Skeptical Views On Noahs Ark Essay, Research Paper

Skeptical view of the flood myth

As skeptics have long been aware, there was no global flood in the last 5000 years, a boatload of animals did not ground on so-called Mount Ararat or on any mountain, and the world’s animals are not descended from two or seven pairs of each species that lived during the third millennium BC. Nor is there any archaeological proof that a man survived a flood by being on a boat loaded with animals, food, and drinking water.

The Noah’s Ark book summarized here does not claim historicity for Noah or the ark story, but the book does claim that some of the story elements in the Ancient Near East flood were based on an actual river flood. This archaeologically attested flood of the Euphrates River has been radiocarbon dated to about 2900 BC. This flood left a few feet of yellow mud in the Sumerian city Shuruppak, the ruins of which have been found at Tel Fara about 125 miles southeast of Baghdad. Some but not all Sumerian cities also show signs of this river flood at the beginning of the Early Dynastic I period. According to the Sumerian King List, a legendary king named Ziusudra lived in Shuruppak at the time of the flood. There was also a flood myth about king Ziusudra which includes several story elements very similar to the Genesis flood myth. Shuruppak was also the flood hero’s city according to the Epic of Gilgamesh. The flood myth in the Epic of Gilgamesh was adapted from an earlier myth, the Epic of Atrahasis which is also very similar to the Genesis flood myth. Six of these Ancient Near East flood myths contain numerous distinctive story elements that are very similar to the Genesis flood myth and indicate a literary affinity or dependency on a common body of myths about the flood hero Ziusudra and based on the Euphrates River flood of 2900 BC.

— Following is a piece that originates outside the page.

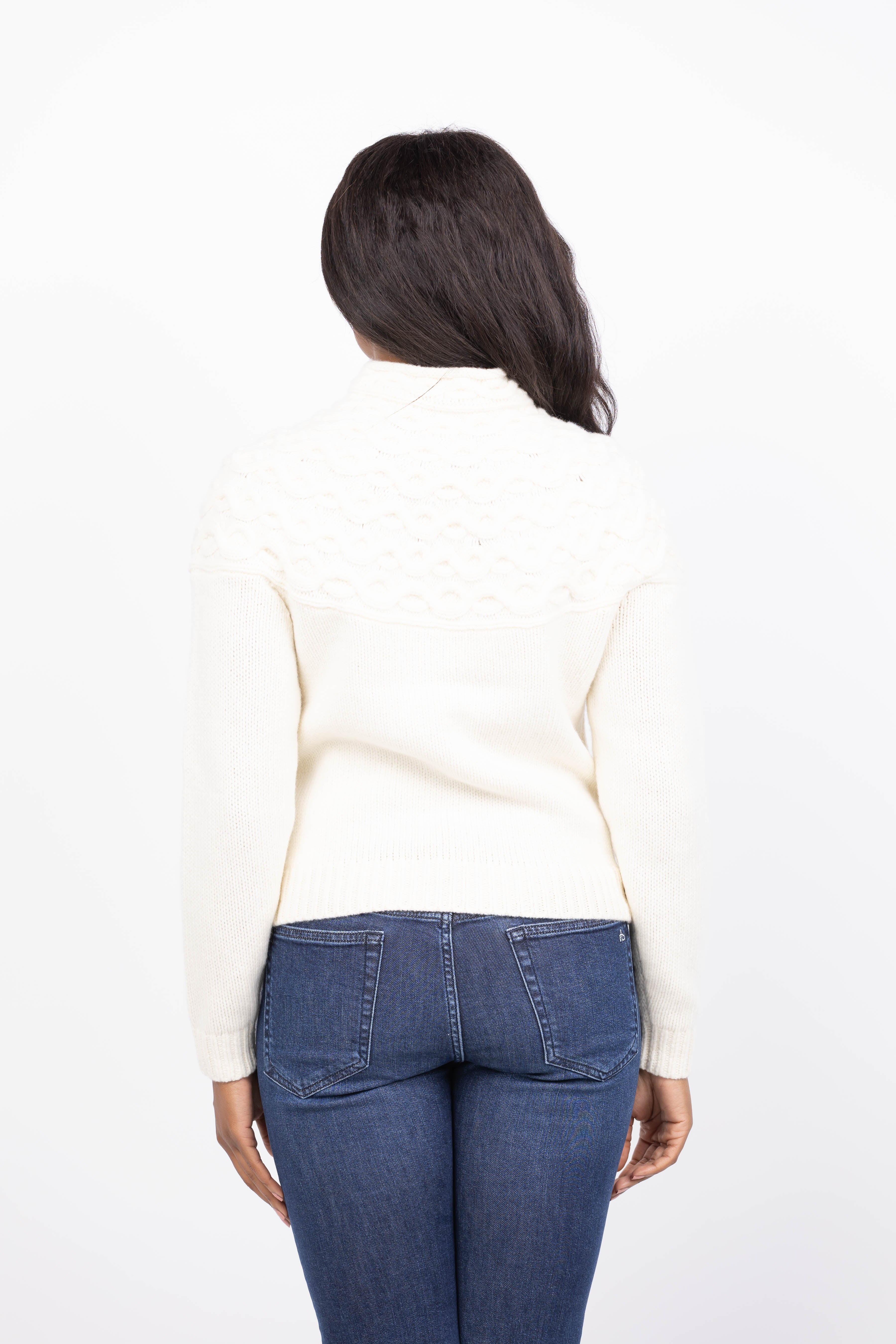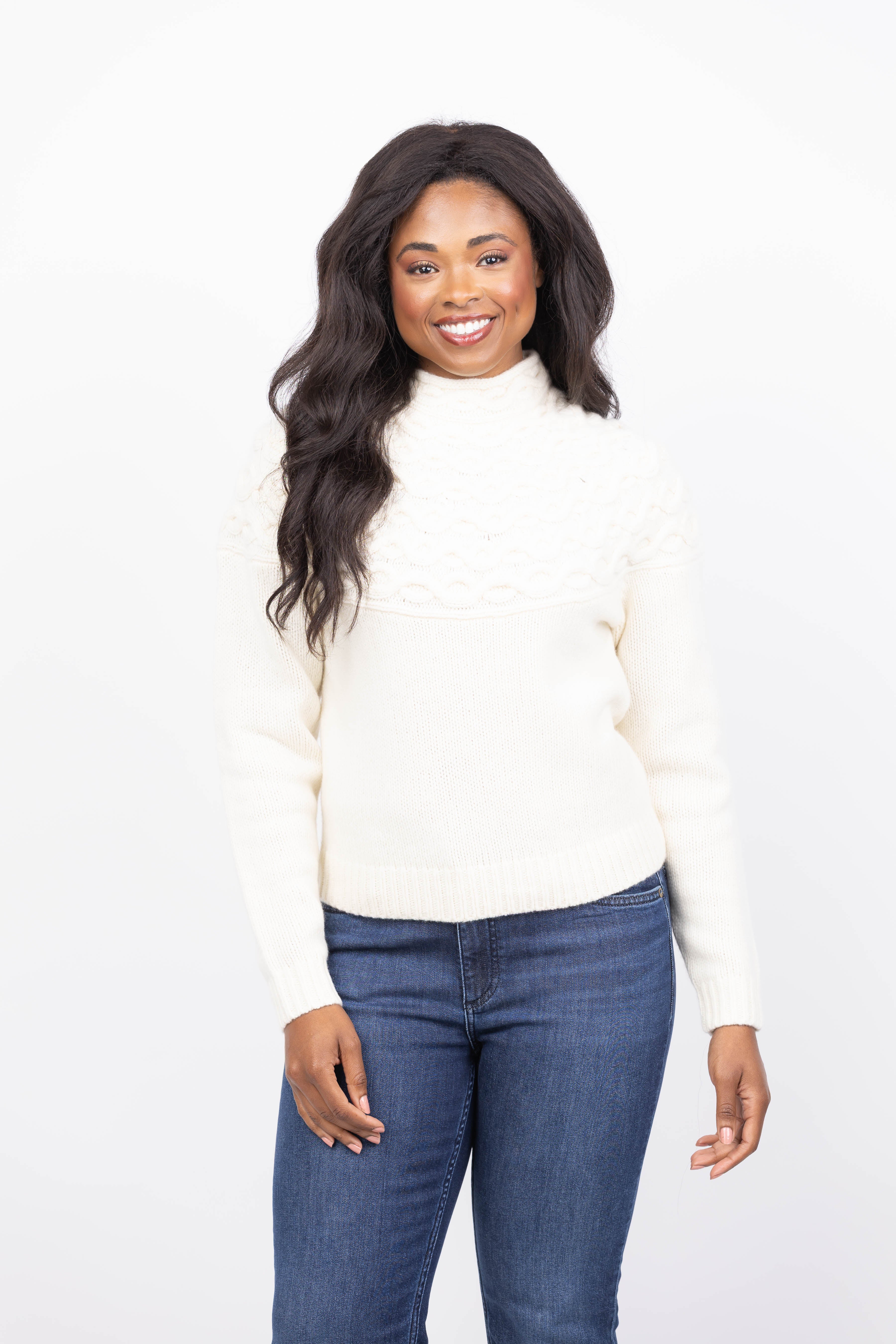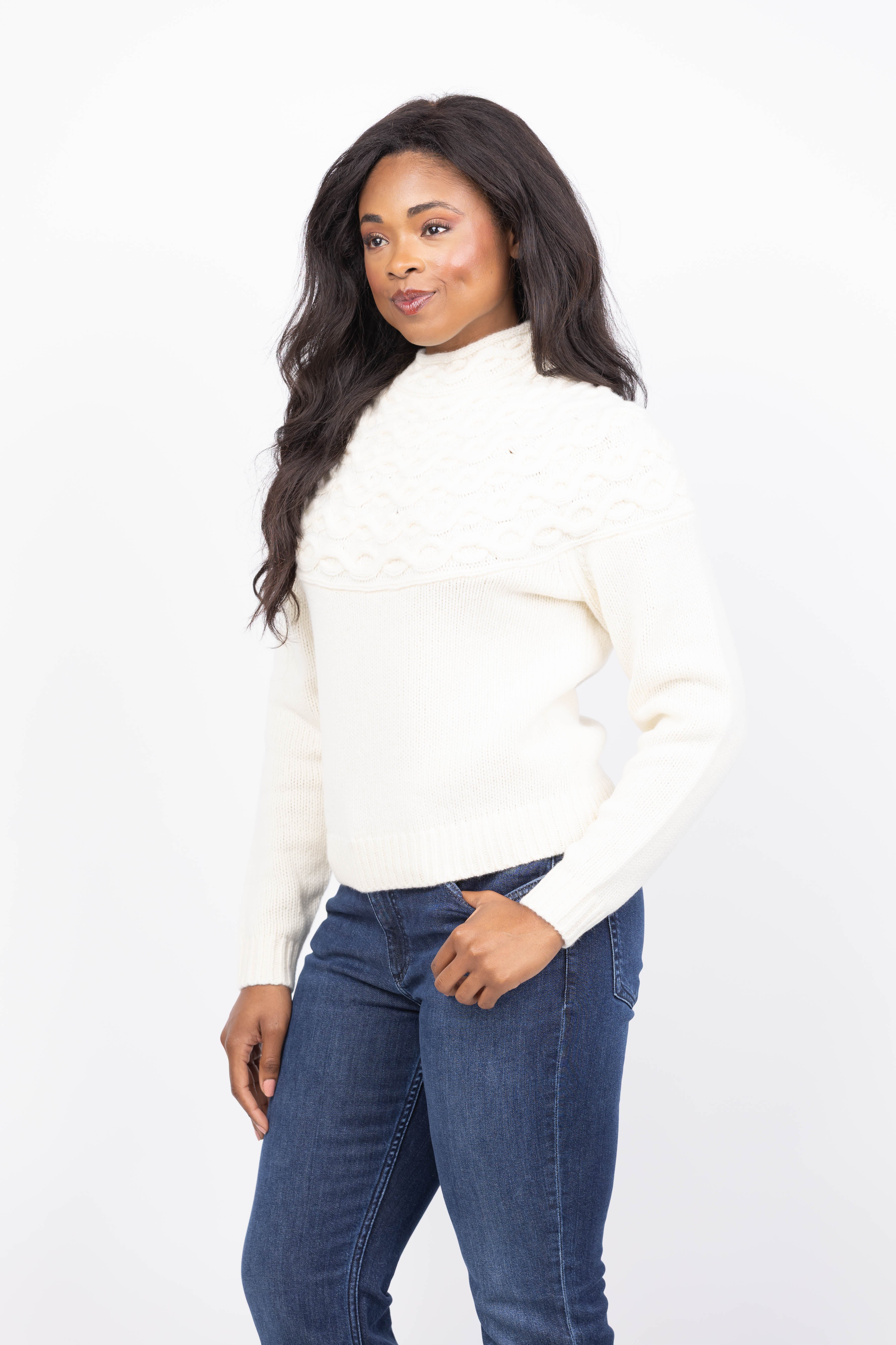 Elevate your everyday wardrobe with this sophisticated cable yoke sweater, crafted from a mid-weight stretch knit that moves with you throughout the day. The striking cable knit yoke adds visual interest and dimension, while ribbed trim and a classic mock neck create a polished, refined silhouette. Long sleeves provide versatile layering potential, making this piece perfect for transitional seasons or year-round styling. The subtle stretch ensures comfort without compromising the structured, tailored look that makes this sweater a timeless closet essential.

Parts of the original myths were physically possible, but other parts were not possible. The possible parts can be treated as an ancient legend to which mythical material was added later. However, without contemporary artifacts, it is not possible to prove how much of the original legend was true and how much was fiction based on a real flood. In the Noah’s Ark book, the original legend is reconstructed by piecing together fragments from the various surviving editions of the flood myth, like pieces of a jigsaw puzzle. This reconstruction is governed by the requirement that each story element in the legend be physically possible, technologically practical, consistent with archaeological facts, and plausible for 2900 BC. Some of the impossible story elements were mistranslations or misunderstandings, and these are corrected before including them in the reconstructed legend.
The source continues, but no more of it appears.